As Violetta Valéry, soprano Brenda Rae is adept as Pelly’s Act One party girl, the essence of which is the arms-over-the-head-means-of-showing-abandon school of histrionics. Perhaps it’s not subtle, but the soprano wears the persona intent on pleasure and her hot pink flounces as well despite the unsubtle pallor of her illness. Verdi’s music helps, especially Violetta’s “Ah, fors’ è lui /Sempre Libera,” exceptionally sung, tonally accurate and mostly crisp on Friday night. To prove it’s good for something the hands-in-air technique was cleverly employed to prevent applause between the “Ah, fors’ è lui” and “Follie!” sections.

The Thomas-designed production places Violetta’s and Flora’s homes and even the countryside estate in magnified cubist terrain. Violetta’s wild after party takes place on a mountainous heap of packing crates or granite or marble slabs of various sizes. Again, it’s up to the eye of the beholder to decide the symbolism. There are walkways and steps between the monolithic cubes. In the country, the boxes become modified to resemble pieces of the sky wherein the ecstatic Violetta and besotted Alfredo dwell, unfortunately on her dime. Georgio arrives while Alfredo is in Paris, and persuades the dying Violetta to leave his son by way of sacrifice to save his family’s honor. She departs for a party at Flora’s
Brenda Rae as Violetta and Roland Wood as Georgio Germont
Photo by Ken Howard

In Flora’s house the packing crates are disguised as gambling surfaces, where the angry Alfredo throws his winnings at Violetta in retribution for what he believes is her desertion.

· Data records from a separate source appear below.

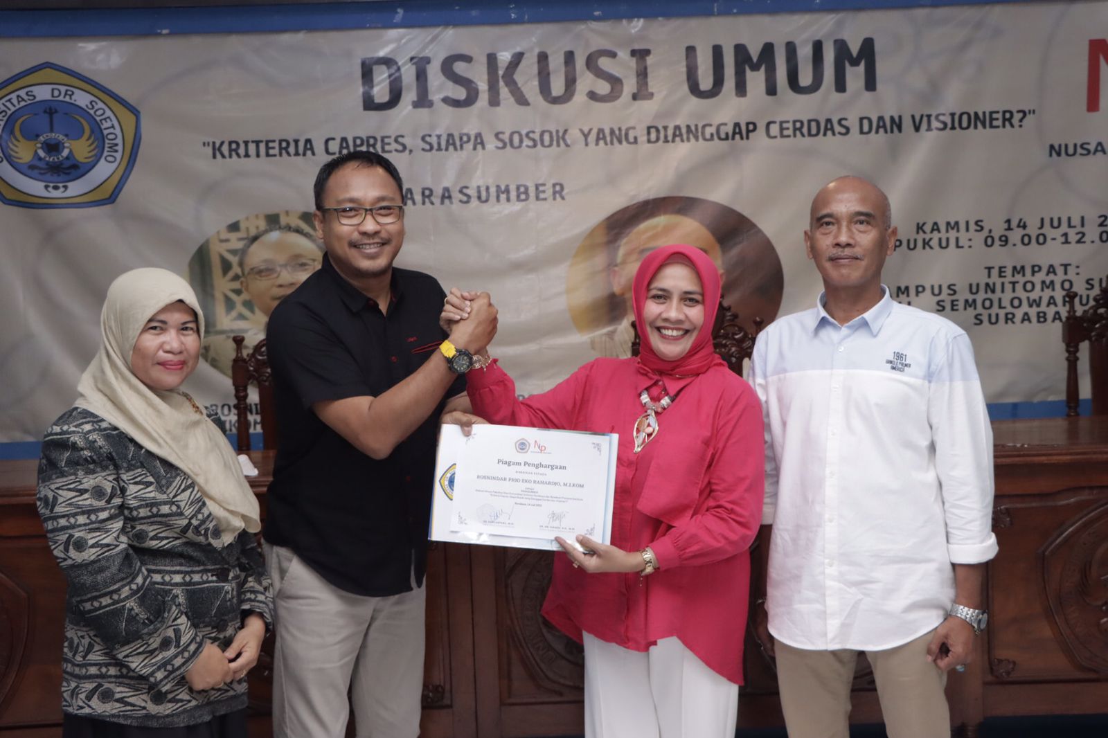 Dalam diskusi yang digelar Fakultas Ilmu Komunikasi Universitas Dr. Soetomo Surabaya bekerja sama dengan Nusakom Pratama Institute menggelar diskusi dengan tema ‘Kriteria Capres, Siapa Sosok yang Dianggap Cerdas dan Visioner?”
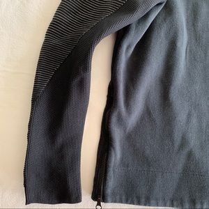 So cute! Unique arm details unlike any other Nike shirt I’ve seen. It’s kind of ridged with white in the crevices. Cute zippers on both sides near hip.
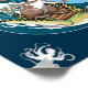 Graphic design representing a rabbit surfing an ocean wave on the back of a turtle.
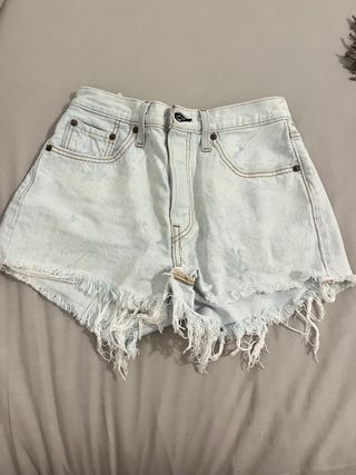 Preciosos shorts Levis talla 27 de mujer, en color azul claro. tienen un estilo desgastado que les da un toque único. - Tienen rotos estratégicamente ubicados. - El bajo está deshilachado, lo que aporta un estilo casual. - Perfectos para el verano.

In the deathbed scene the boxes are covered with white sheets and Violetta’s bed, a former slab, is set downstage slightly left of center. Rae’s is not the clearest nor most affecting letter reading ever heard, but otherwise her singing here is fine, as is Fabiano’s. Earlier in the evening, he ably performed “De’ miei bollenti spiriti” and she, a lustrous “Addio del passato.”

Pelly interpolates scenes and changes others at will. The performance begins with a funereal procession, umbrellas straight out of Wilder. During Violetta’s orgiastic party, she removes Flora’s (Jennifer Panara) panties before copulating with Alfredo. She passes out, and when the guests depart she wakens to find Alfredo gone — a clue to begin her marathon series of arias, truncated here.

Regardless of this critic’s opinion of the Pelly production, Friday’s audience enthusiastically received La Traviata. It receives an additional performance on August 22. The season closes August 24.

Plan to attend SFO’s 2014 season, comprising Carmen, Don Pasquale, Fidelio, a double bill of The Impressario and Le Rossignol, and the world premiere of Huang Ro’s Dr. Sun Yat-sen.